Vicky Eriksson and Karin Wellman of The People Element said they were increasingly noting people in workshops who had chosen to give up relationships to devote time to their career. Eriksson said, “women especially tend to choose to focus on their career in their early years and then consider a relationship in their late thirties or early forties when they are at the top of their careers. But a relationship requires compromise and some struggle to do that after achieving success in the workplace, this can lead to personal stress and sadness later on.”
Wellman and Eriksson said they were so concerned by the high levels of stress in the workplace that they were organizing a conference on (is the title still the same?) to be held (where) on (date). “It will be a one day bootcamp to look at ways to help individuals and workforces to transform and cope with stress in ways that don’t disable their work performance or their family or personal life.”
Wellman pointed out that OECD figures on the breakup of relationships especially families were now imposing significant costs on economies, “In Britain that figure is now £42bn per year and rising, according to the Relationships Foundation. Family breakdown costs more than the entire defence budget in that country. In Britain and here most of the cost to the economy comes from benefits and tax credits that support single parents and their children. Today in Britain there are two million single parent families: there were one million in 1980. In South Africa most children are now being raised in single parent families.”

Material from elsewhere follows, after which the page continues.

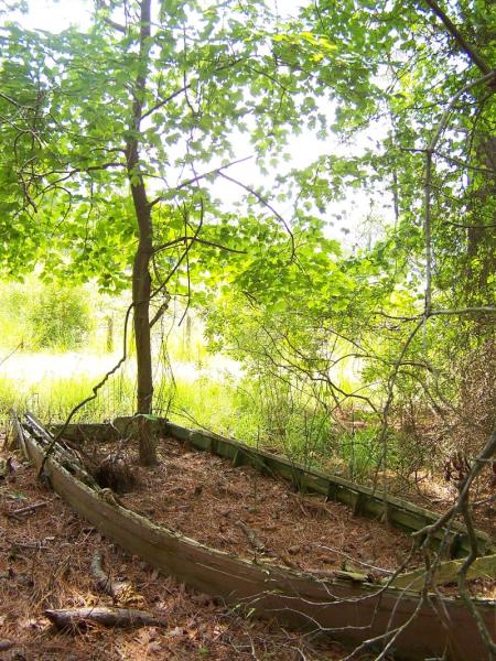 Comments: This is a tree at False Cape State Park in Virginia Beach. The park includes the grounds of abandoned hunt club and apparently someone abandonded their rowboat as well. The tree grew right up the boat and note how the limbs have wrapped themselves around the barbed wire! Note: In the 1800s, False Cape gained a reputation as a ship's graveyard. The area got its name because its land mass resembled Cape Henry, luring boats into shallow waters. Survivors of such a shipwreck established one of the area's first communities, Wash Woods. The villages church and other structures were built using cypress wood that washed ashore from a wreck. Remains of the settlement still exist today.

Recent demographic projections performed by OECD countries suggest that the next 20 years are likely to see a continuation and even acceleration of changes in household and family structures. In particular, the numbers and shares of single-adult and single-parent households are expected to increase significantly, as is the number of couples without children.
In Britain today, 40 percent of all children can expect to see their parents split up before their 16th birthday. At least half of family breakdown takes place within the first three years of childhood. (However, the latest study from the Centre for Social Justice and the Bristol Community Family Trust estimates that, of children born today, no less than 48% will see their parents split by their 16th birthday. OECD research has shown that, of all countries (not just the 30 member countries), the UK has the fifth highest lone parent rate, after Latvia, Estonia, the Czech republic and the US.
Globally divorce rates have gone up about six fold since 1960.
It is estimated that in most developed nations including South Africa up to 15 percent of babies are born without a resident biological father.
Eriksson said, “It’s worth reflecting on these sobering statistics this Valentine’s day, we talk a lot about love, but today we say those words and forget it’s ancillary: commitment, which in turn is part of responsibility. We are good about our responsibilities in the workplace, but have forgotten responsibility for our personal happiness and for those closest to us. Maybe now is the time for a values check.”